YOUR TASK:
Quote the data exactly, first line to the line containing "2月7日,中注协表示制定了《", with no pictures.

SUPPLIED MATERIAL:
[Start of section]

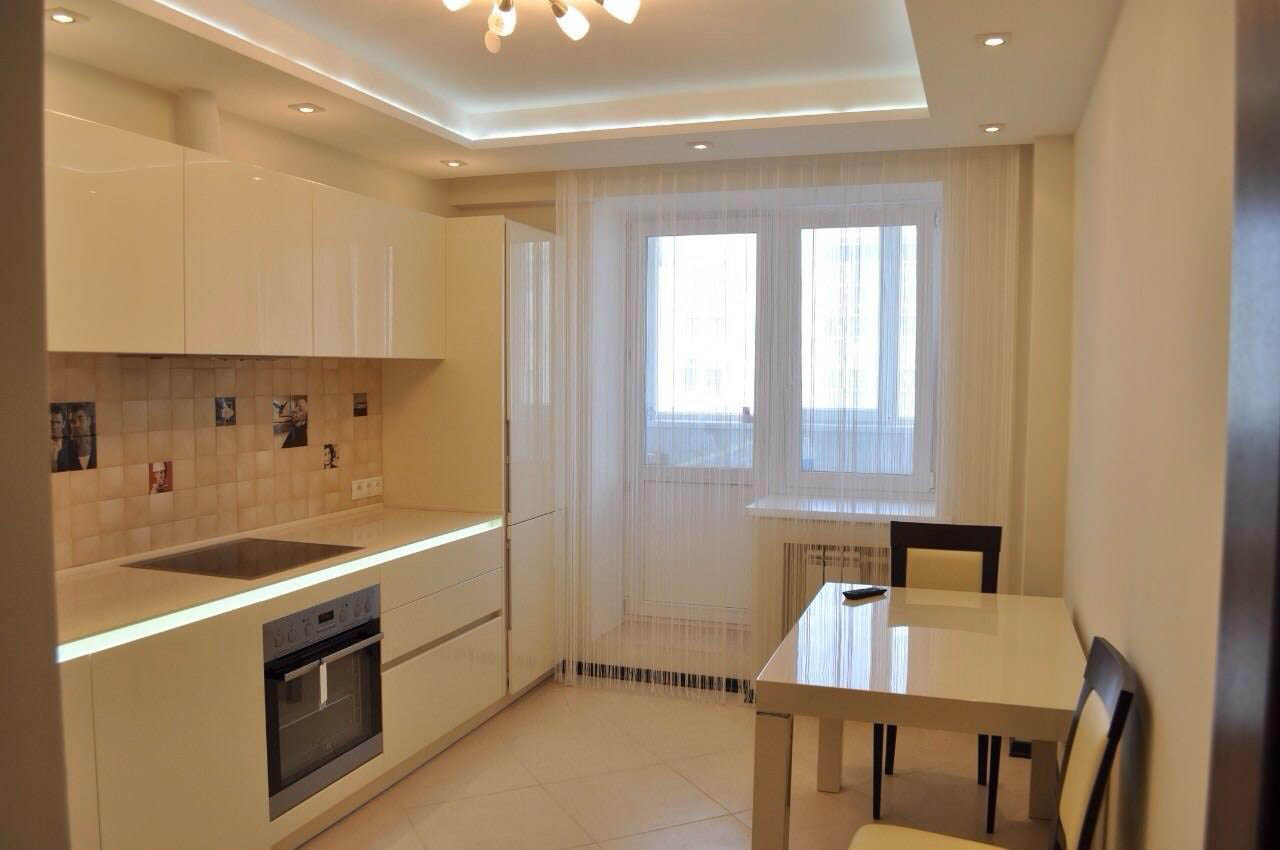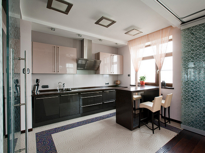 Die Verwendung von Satin-Spanndecken in der Küche hat ihre Vorteile. Helle Farben des Deckenmaterials können den Raum einer kleinen Küche optisch erweitern. Wenn Sie Beleuchtungskörper verschiedener Typen installieren, können Sie den Raum zonieren, den Arbeitsbereich und den Essbereich auswählen.
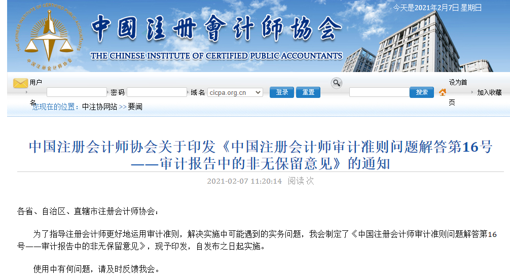 2月7日,中注协表示制定了《中国注册会计师审计准则问题解答第16号——审计报告中的非无保留意见》(以下简称问题解答),并于2月2日发布施行。
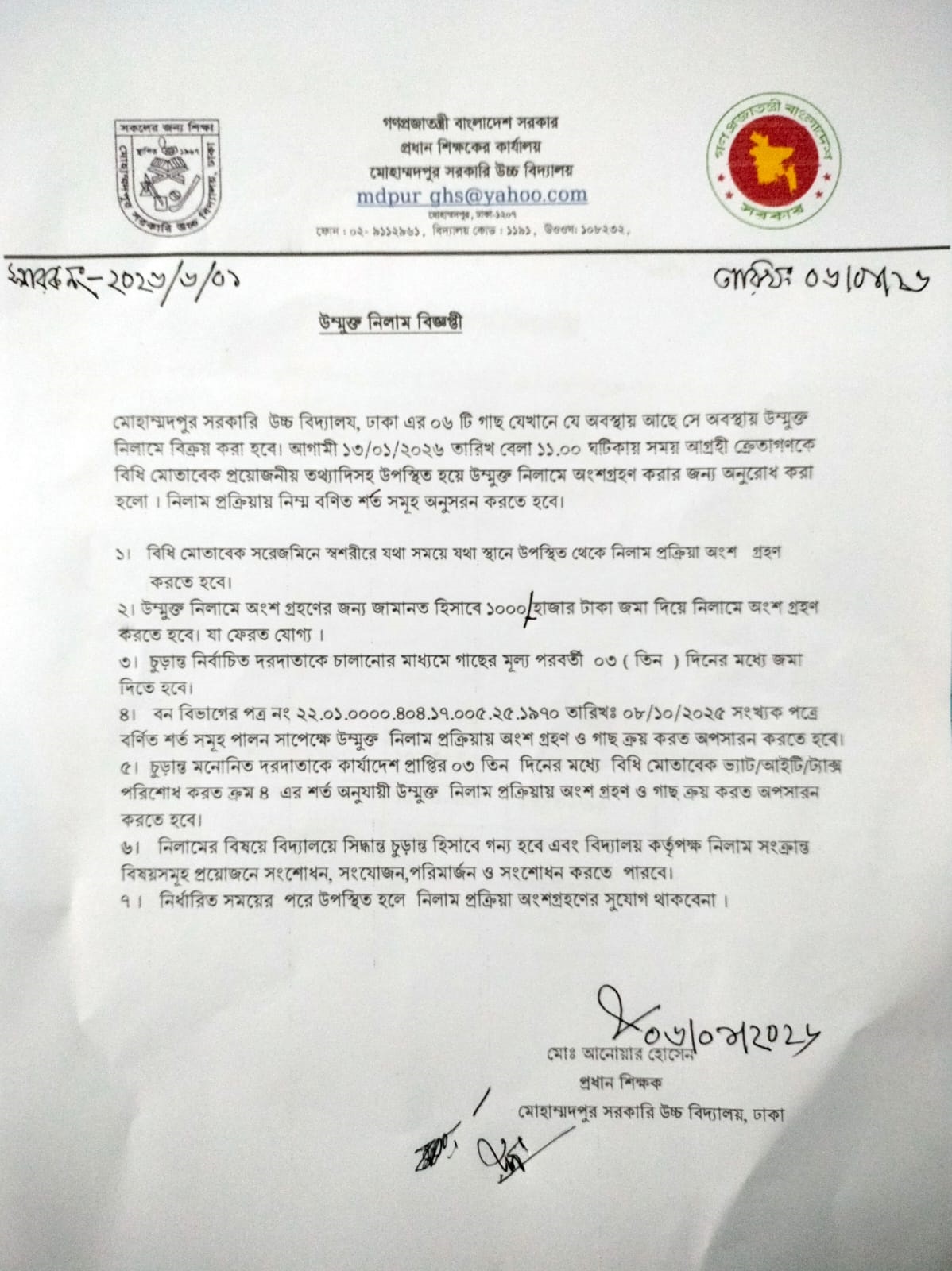 উন্মুক্ত নিলাম বিজ্ঞপ্তি - ২০২৬ উন্মুক্ত নিলাম বিজ্ঞপ্তি - ২০২৬

[End of section]

PROBLEM SOLUTION:
 Die Verwendung von Satin-Spanndecken in der Küche hat ihre Vorteile. Helle Farben des Deckenmaterials können den Raum einer kleinen Küche optisch erweitern. Wenn Sie Beleuchtungskörper verschiedener Typen installieren, können Sie den Raum zonieren, den Arbeitsbereich und den Essbereich auswählen.
 2月7日,中注协表示制定了《中国注册会计师审计准则问题解答第16号——审计报告中的非无保留意见》(以下简称问题解答),并于2月2日发布施行。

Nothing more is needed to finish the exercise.